• EXERCISE DESCRIPTION: Give back exactly the lines starting at the one with "- Battery level indicator: 4 LEDs" and ending at the last line of the data below. Pictures are not part of the copy.

[Extracted data entries]
━━━━━━━━━━

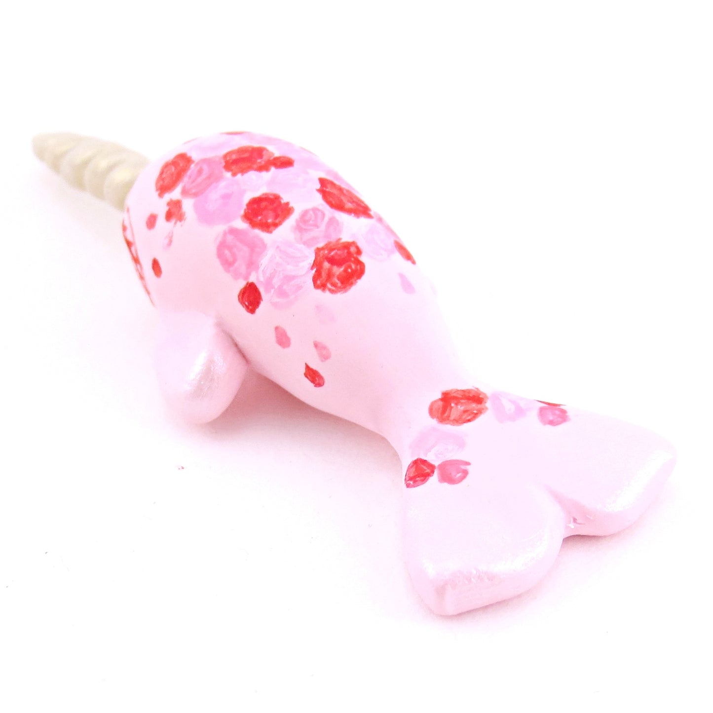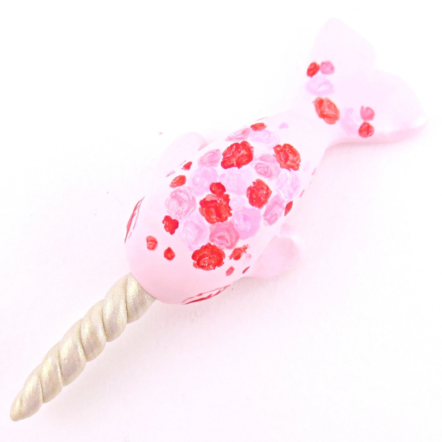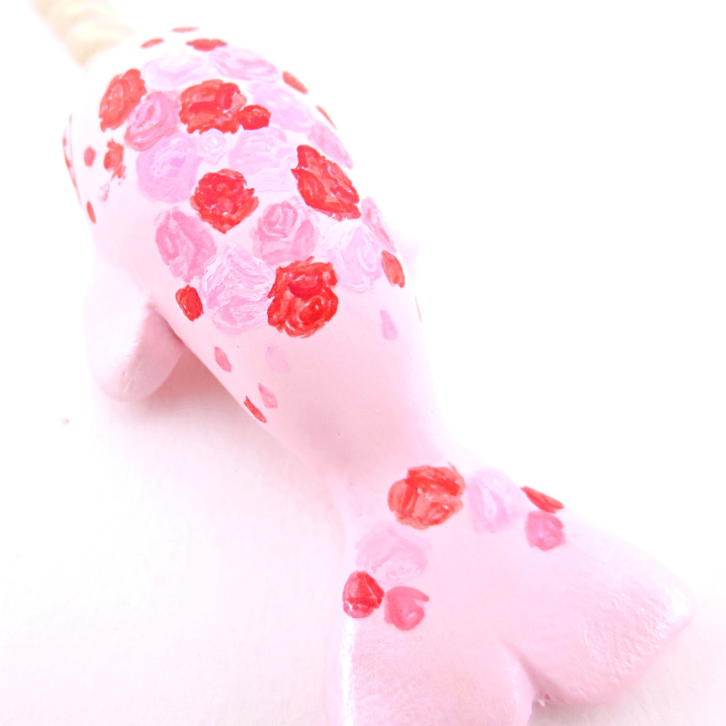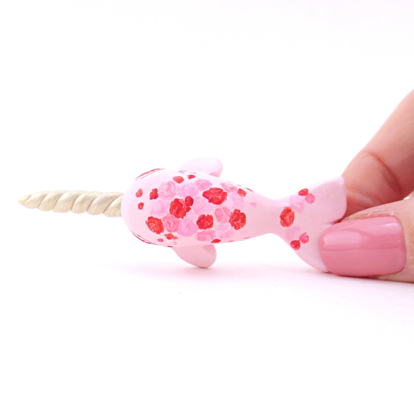 Valentine Roses Narwhal Figurine - Polymer Clay Valentine Animals
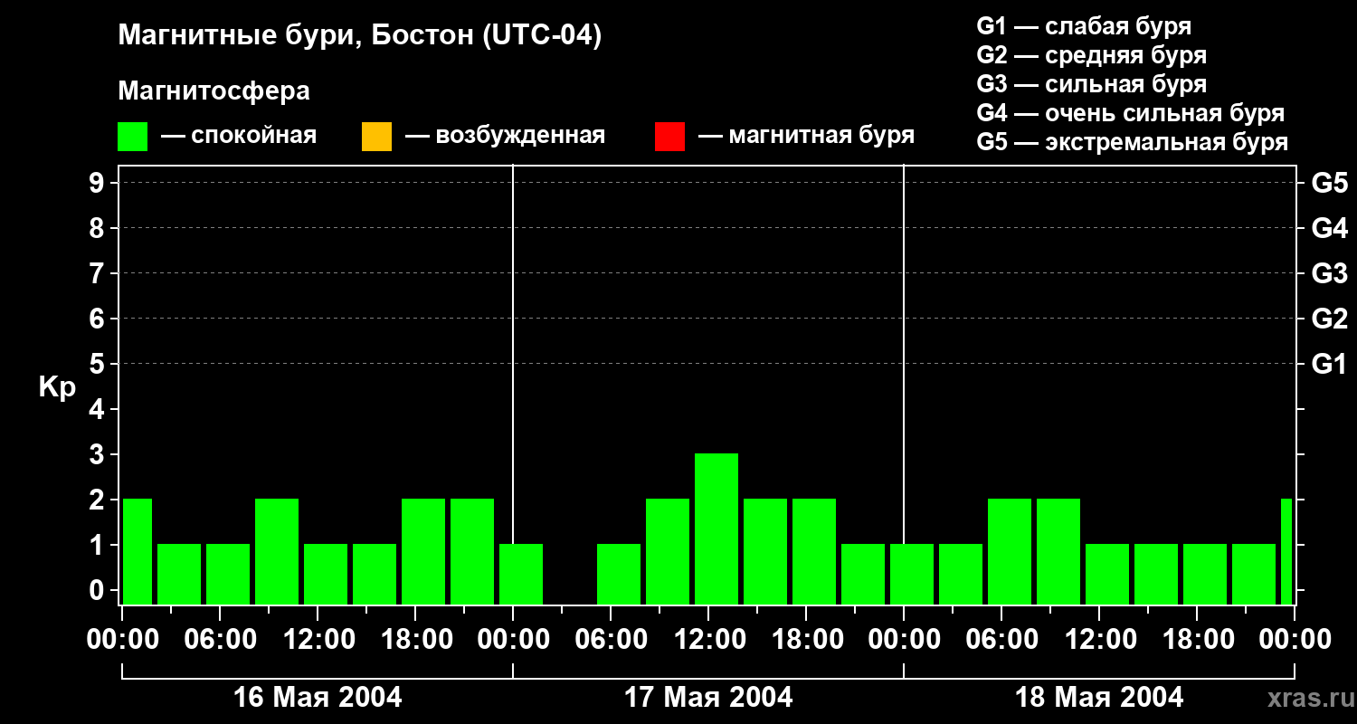 Изменения геомагнитного индекса Kp с 16 по 18 мая 2004 года для средних широт
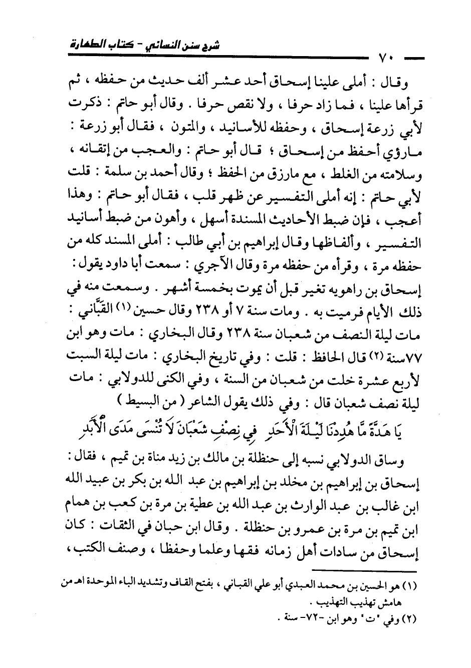 وقال: أملى علينا إسحاق أحد عشر ألف حديث من حفظه، ثم قرأها علينا، فما زاد حرفا، ولا نقص حرفا. وقال أبو حاتم: ذكرت لأبي زرعة إسحاق، وحفظه للأسانيد، والمتون، فقال أبو زرعة: ما رؤي أحفظ من إسحاق؛ قال أبو حاتم: والعجب من إتقانه، وسلامته من الغلط، مع ما رزق من الحفظ؛ وقال أحمد بن سلمة: قلت لأبي حاتم: إنه أملى التفسير عن ظهر قلب، فقال أبو حاتم: وهذا أعجب، فإن ضبط الأحاديث المسندة أسهل، وأهون من ضبط أسانيد التفسير، وألفاظها وقال إبراهيم بن أبي طالب: أملى المسند كله من حفظه مرة، وقرأه من حفظه مرة وقال الآجري: سمعت أبا داود يقول: إسحاق بن راهويه تغير قبل أن يموت بخمسة أشهر. وسمعت منه في ذلك الأيام فرميت به. ومات سنة 7 أو 238 وقال حسين (¬1) القَبَّاني: مات ليلة النصف من شعبان سنة 238 وقال البخاري: مات وهو ابن 77 سنة (¬2) قال الحافظ: قلت: وفي تاريخ البخاري: مات ليلة السبت لأربع عشرة خلت من شعبان من السنة، وفي الكنى للدولابي: مات ليلة نصف شعبان قال: وفي ذلك يقول الشاعر (من البسيط)
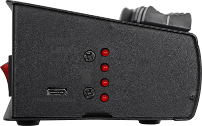 - Battery level indicator: 4 LEDs
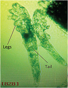 Figure 1. Image of two D. folliculorum viewed laterally under light microscope. The legs and tail of one of the mites are labeled. To view a video of this courtesy of Scott Schachter, OD, Vision Source, Pismo Beach, CA, click here.
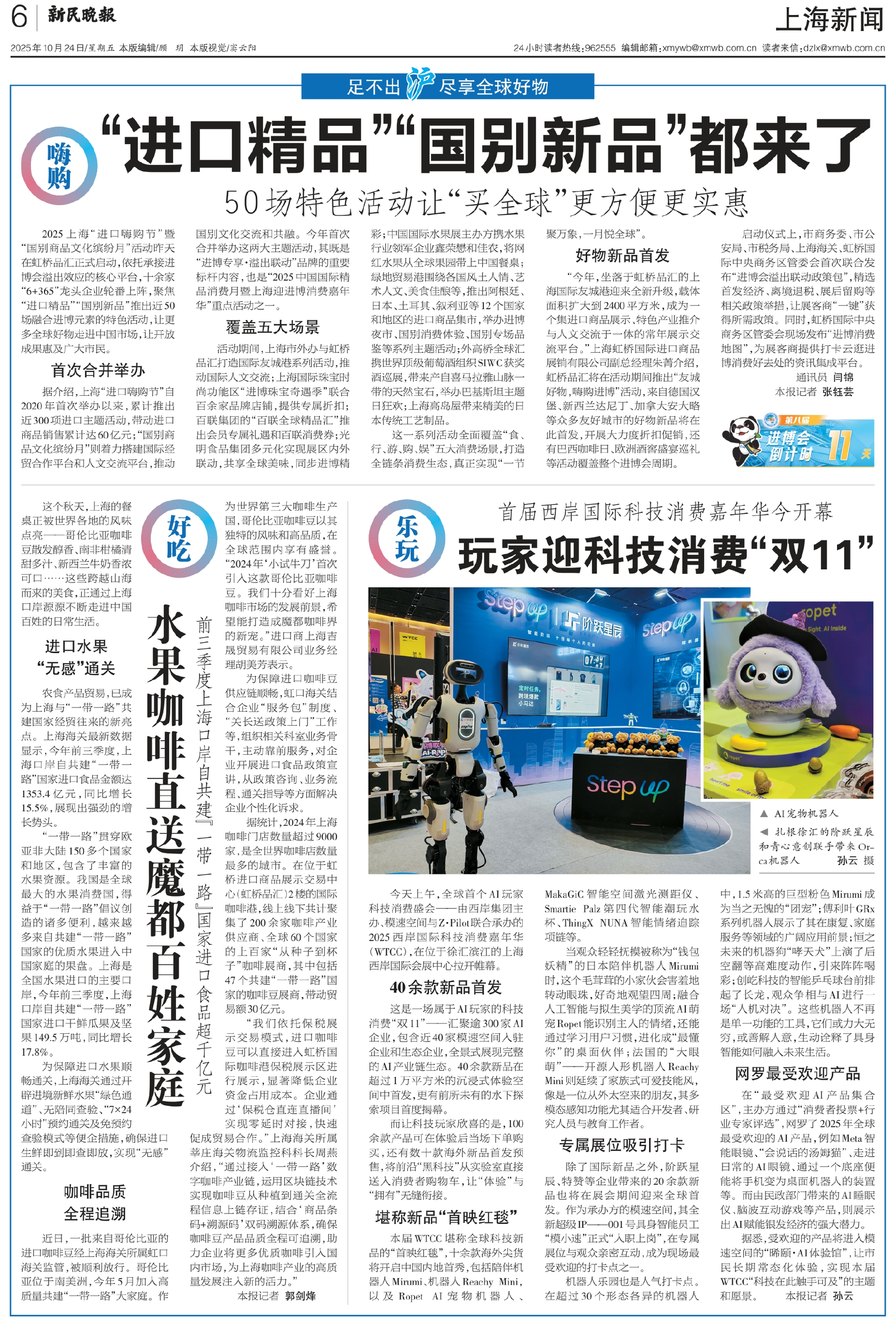 据介绍,上海“进口嗨购节”自2020年首次举办以来,累计推出近300项进口主题活动,带动进口商品销售累计达60亿元;“国别商品文化缤纷月”则着力搭建国际经贸合作平台和人文交流平台,推动国别文化交流和共融。今年首次合并举办这两大主题活动,其既是“进博专享·溢出联动”品牌的重要标杆内容,也是“2025中国国际精品消费月暨上海迎进博消费嘉年华”重点活动之一。

━━━━━━━━━━

• RESULT FOR THIS EXERCISE:
 - Battery level indicator: 4 LEDs
 Figure 1. Image of two D. folliculorum viewed laterally under light microscope. The legs and tail of one of the mites are labeled. To view a video of this courtesy of Scott Schachter, OD, Vision Source, Pismo Beach, CA, click here.
 据介绍,上海“进口嗨购节”自2020年首次举办以来,累计推出近300项进口主题活动,带动进口商品销售累计达60亿元;“国别商品文化缤纷月”则着力搭建国际经贸合作平台和人文交流平台,推动国别文化交流和共融。今年首次合并举办这两大主题活动,其既是“进博专享·溢出联动”品牌的重要标杆内容,也是“2025中国国际精品消费月暨上海迎进博消费嘉年华”重点活动之一。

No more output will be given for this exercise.